» WHAT THE TASK ASKS
Begin at the line that holds "True + power" and retype every line through the end of the material, both included. Leave out the pictures.

» ENTRIES SUPPLIED
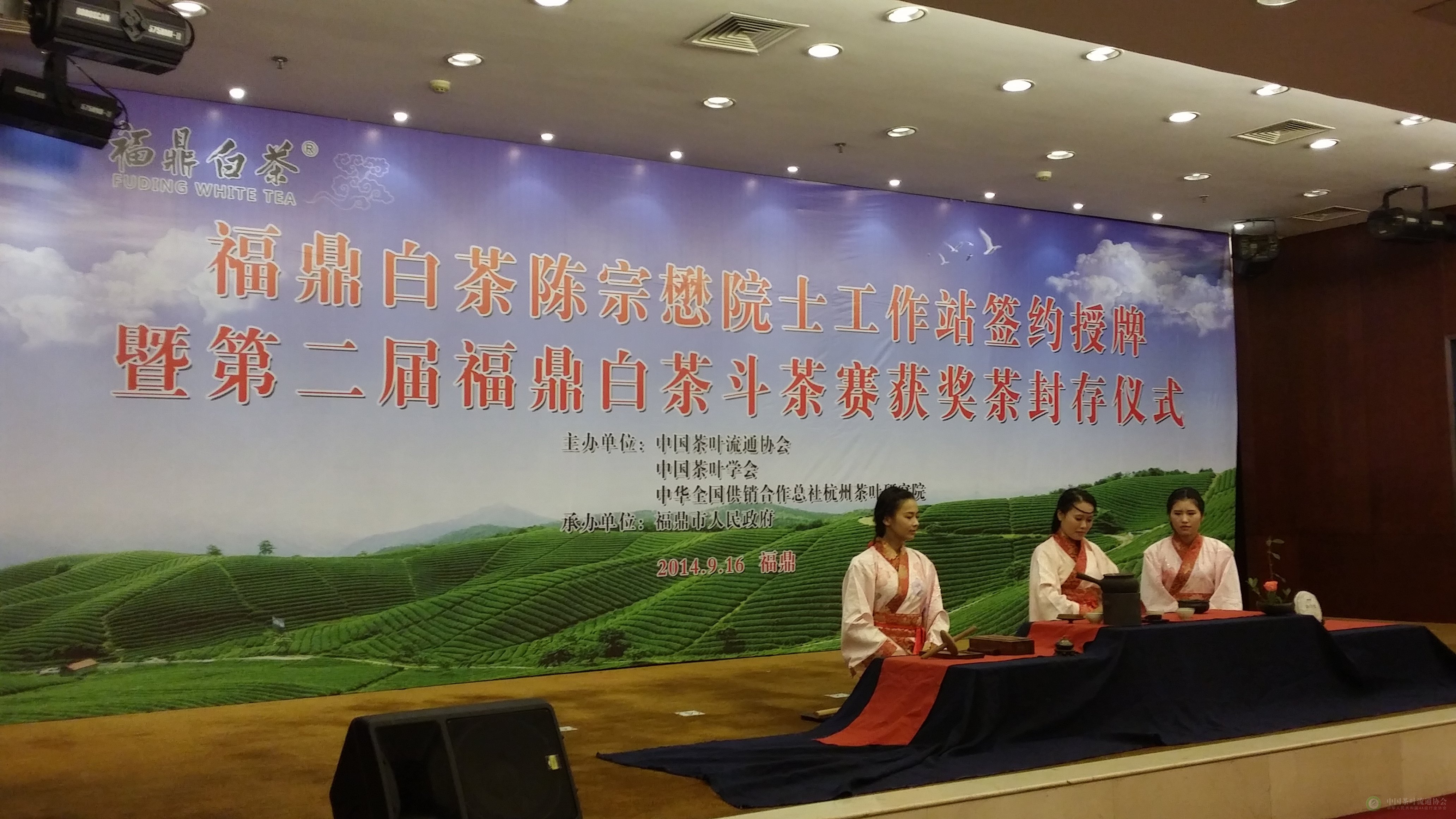 2014年9月16日上午,由中国茶叶流通协会、中国茶叶学会、中华全国供销合作总社杭州茶叶研究院主办,福鼎市人民政府承办的福鼎白茶陈宗懋院士工作站签约授牌暨第二届福鼎白茶斗茶赛获奖茶封存仪式在福鼎市举行。
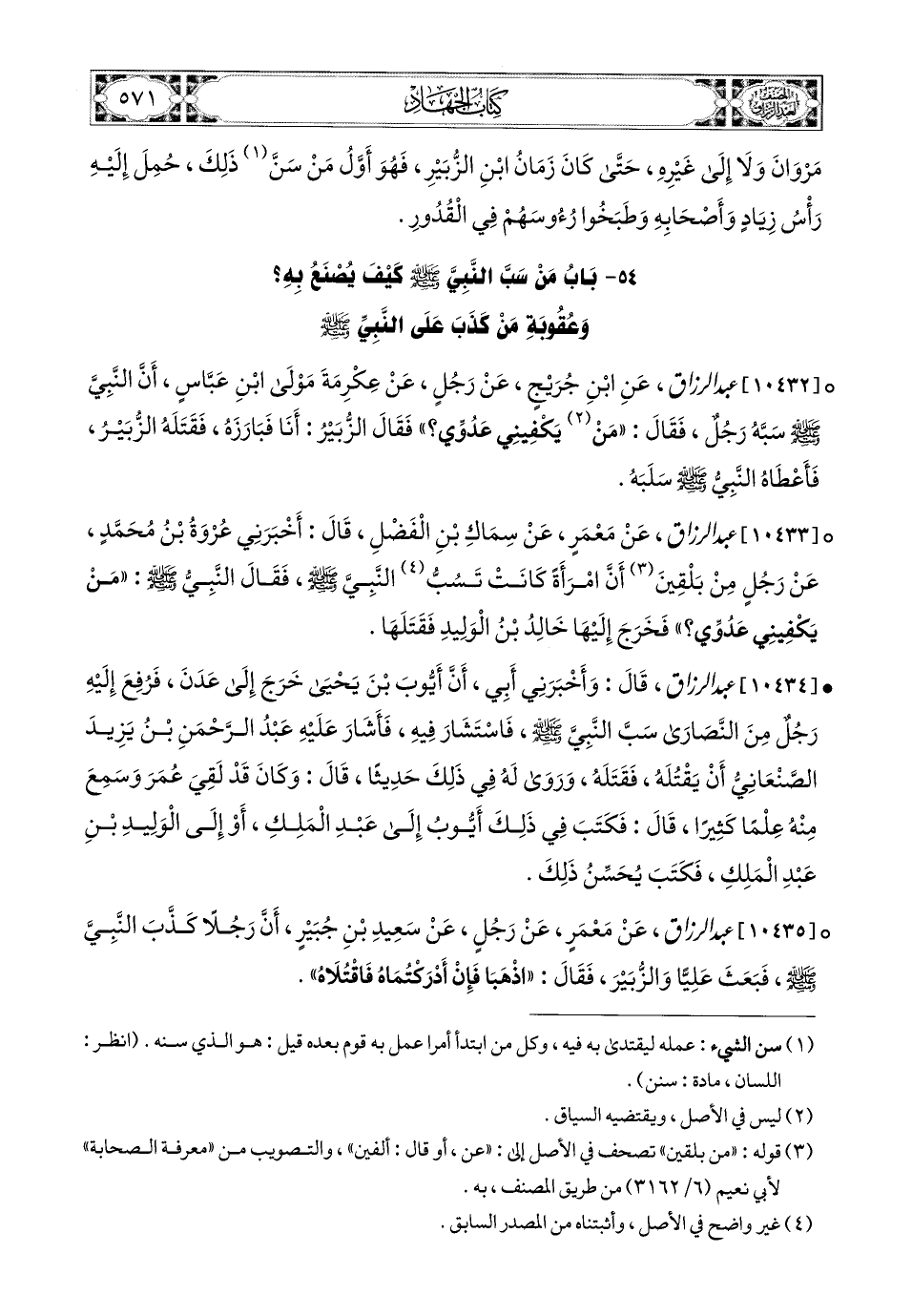 10434- عبد الرزاق، قَالَ: وَأَخْبَرَنِي أَبِي؛ أَنَّ أَيُّوبَ بن يَحيَى خَرَجَ إِلَى عَدَنٍ، فَرُفِعَ إِلَيْهِ رَجُلٌ مِنَ النَّصَارَى سَبَّ النَّبِيَّ صَلَّى اللهُ عَلَيْهِ وَسَلَّمَ، فَاسْتَشَارَ فِيهِ، فَأَشَارَ عَلَيْهِ عَبدُ الرَّحْمَنِ بن يَزِيدَ الصَّنَعَانِيُّ أَنْ يَقْتُلَهُ، فَقَتَلَهُ، وَرَوَى لَهُ فِي ذَلِكَ حَدِيثًا قَالَ: وَكَانَ قَدْ لَقِيَ عُمَرَ، وَسَمِعَ مِنْهُ عِلْمًا كَثِيرًا، قَالَ: فَكَتَبَ فِي ذَلِكَ أَيُّوبُ إِلَى عَبدِ المَلِكِ، أَوْ إِلَى الْوَلِيدِ بْنِ عَبدِ المَلِكِ، فَكَتَبَ يُحَسِّنُ ذَلِكَ.
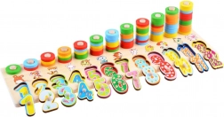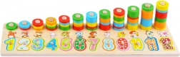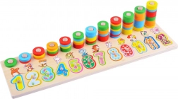 Ideel til førskolebørn: udvikler finmotorik, koncentration og visuel skelnen. Kvalitetstræ uden skarpe kanter sikrer lang holdbarhed og sikker leg. Takket være det alsidige design fungerer det også som et første lille abakus.
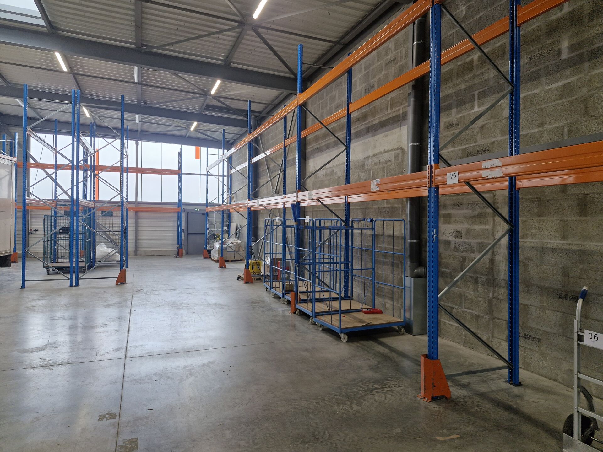 Racks à palettes composés de 20 échelles bleues environ 5 m x 110 cm et 60 lisses 3.9 m
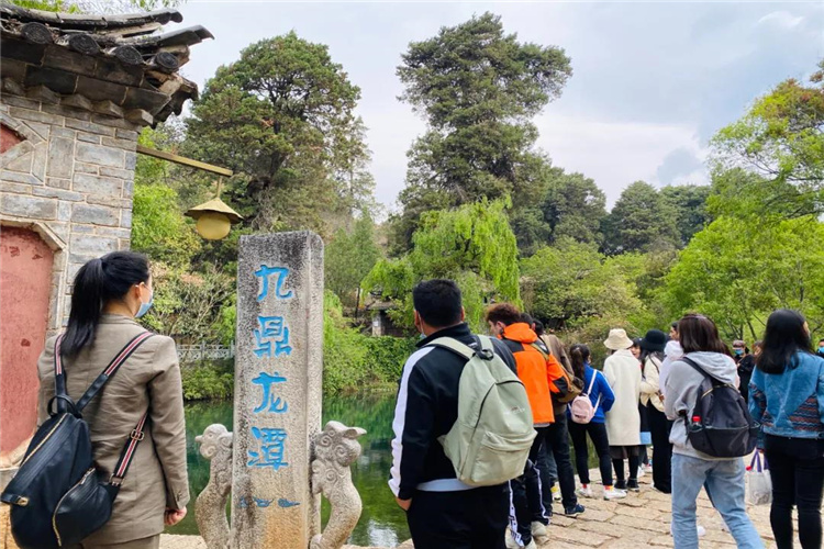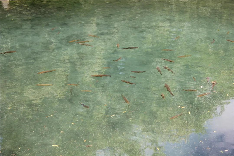 潭水從山腳石縫涌出,水不深,卻晶瑩清澈,有珍稀魚(yú)種,名曰:“高原裂腹魚(yú)”,大小數(shù)百,暢游其間,猶如詩(shī)畫(huà)。泉水冬暖夏涼,煮水品茗,愜意之極。乾隆《麗江府志略》載曰:“九鼎龍?zhí)?,在城西十里,潭水清澈,游魚(yú)可數(shù),廣十畝,巖石奇秀,林木幽深,相傳昔有人欲網(wǎng)其魚(yú),雷電驟至,至今無(wú)敢者?!笨梢?jiàn)束河當(dāng)?shù)匕傩諏?duì)水源、對(duì)生活環(huán)境的保護(hù)有著很規(guī)范的傳統(tǒng)。每逢喂食,魚(yú)兒爭(zhēng)先搶食,濺起水花蕩漾,濕人面夾,親敬之極,鄉(xiāng)人常與魚(yú)同樂(lè)。
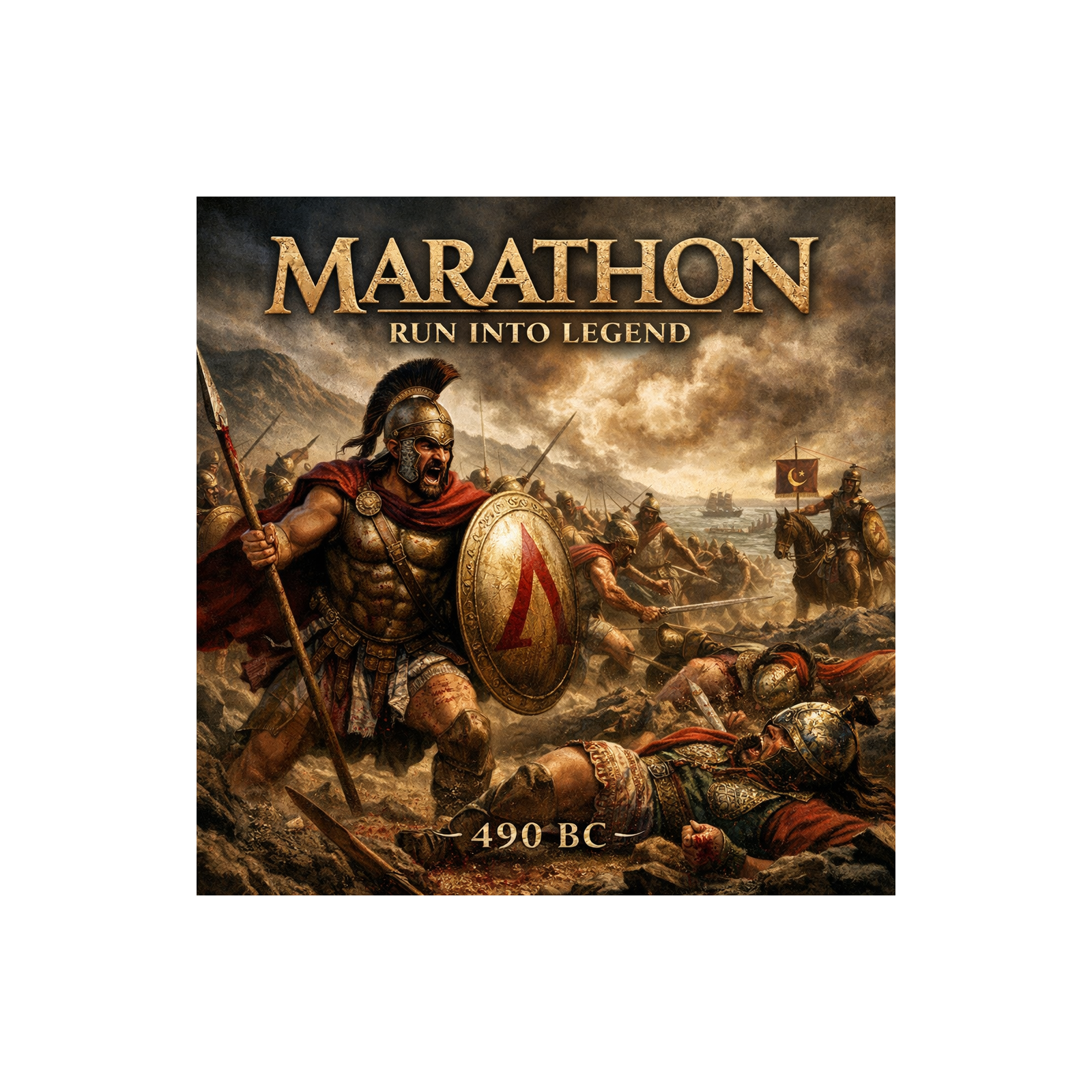 True + power metal hybrid, 176 BPM, E minor, Drop D, Intro with distant war horns/low choir pad, then explosive galloping riffs (tight palm-mutes) and bright twin-lead harmonies, Verses: relentless double-kick, sharp snare, bass driving eighths; pre-chorus climbs with rising chord progression and layered vocals, Chorus: huge heroic anthem with gang shouts (“ATHENS!” “MARATHON!”), triumphant melody and choir backing, Bridge: halftime stomp with toms, then fast build into neo-classical/melodic solo (harmonic minor flavor, bends, vibrato, harmonized finish), Vocals: powerful male tenor with gritty edge, commanding storytelling, occasional shouted lines and breathy whispers for tension, Lyrics must stay historically grounded: Athenian & Plataean hoplites vs Persian expedition (Datis/Artaphernes), Miltiades’ decision, arrow volleys, charge across the plain, wings enveloping, Persians driven to ships
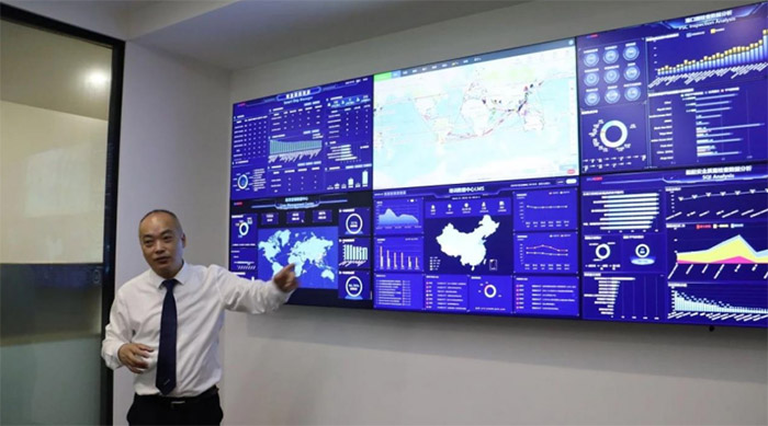 (圖2:青島洲際之星船務有限公司負責人介紹數據墻。蘇佳怡 供圖)
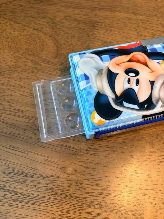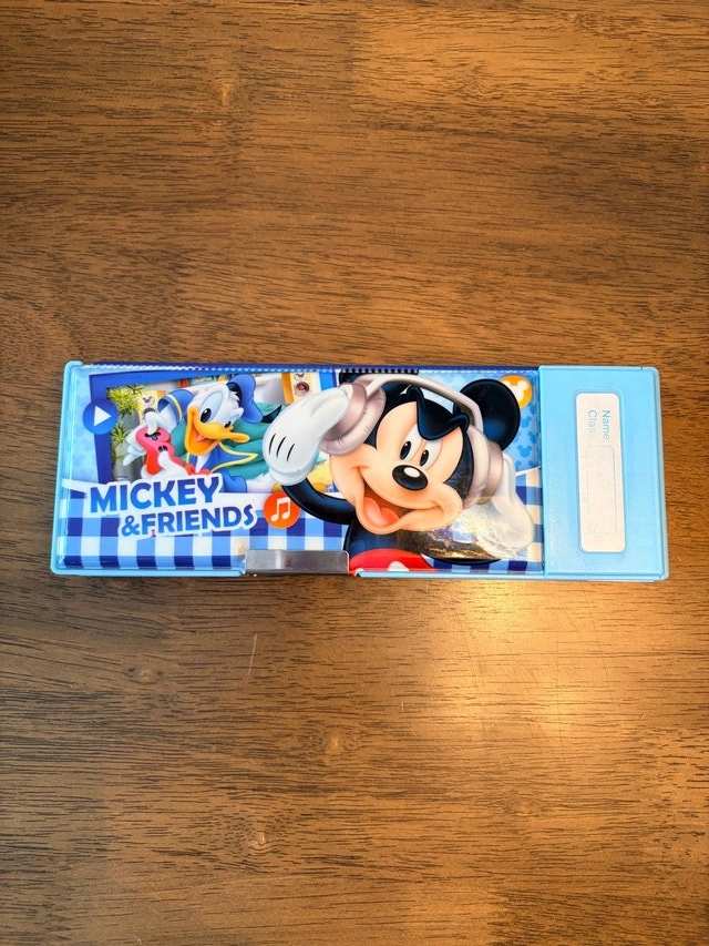 This Disney Mickey & Friends pencil case is perfect for keeping your stationery organized with a touch of fun. As you can see from the pictures, it's in used condition, ready to bring some Disney magic to your desk or backpack. It's been quite the treasure, storing pencils, erasers, and dreams of cartoon adventures, and now it's ready for a new home. If the ad is still up, the pencil case is available! Cash accepted.
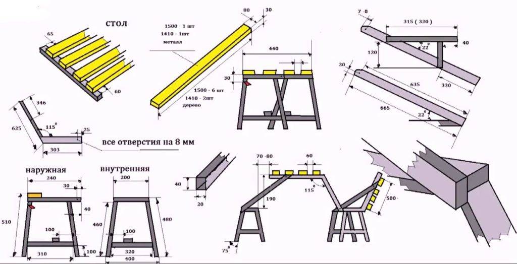 Скамейка — трансформер из металлического профиля делается аналогично деревянной, но только с некоторыми изменениями.
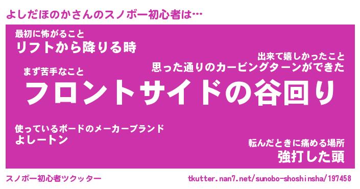 | ヒーロー風カッコイイあだ名 | 『スーパーヨシダホノカ』『炎刃騎士ヨシ』 |

» EXPECTED ANSWER
 True + power metal hybrid, 176 BPM, E minor, Drop D, Intro with distant war horns/low choir pad, then explosive galloping riffs (tight palm-mutes) and bright twin-lead harmonies, Verses: relentless double-kick, sharp snare, bass driving eighths; pre-chorus climbs with rising chord progression and layered vocals, Chorus: huge heroic anthem with gang shouts (“ATHENS!” “MARATHON!”), triumphant melody and choir backing, Bridge: halftime stomp with toms, then fast build into neo-classical/melodic solo (harmonic minor flavor, bends, vibrato, harmonized finish), Vocals: powerful male tenor with gritty edge, commanding storytelling, occasional shouted lines and breathy whispers for tension, Lyrics must stay historically grounded: Athenian & Plataean hoplites vs Persian expedition (Datis/Artaphernes), Miltiades’ decision, arrow volleys, charge across the plain, wings enveloping, Persians driven to ships
 (圖2:青島洲際之星船務有限公司負責人介紹數據墻。蘇佳怡 供圖)
 This Disney Mickey & Friends pencil case is perfect for keeping your stationery organized with a touch of fun. As you can see from the pictures, it's in used condition, ready to bring some Disney magic to your desk or backpack. It's been quite the treasure, storing pencils, erasers, and dreams of cartoon adventures, and now it's ready for a new home. If the ad is still up, the pencil case is available! Cash accepted.
 Скамейка — трансформер из металлического профиля делается аналогично деревянной, но только с некоторыми изменениями.
 | ヒーロー風カッコイイあだ名 | 『スーパーヨシダホノカ』『炎刃騎士ヨシ』 |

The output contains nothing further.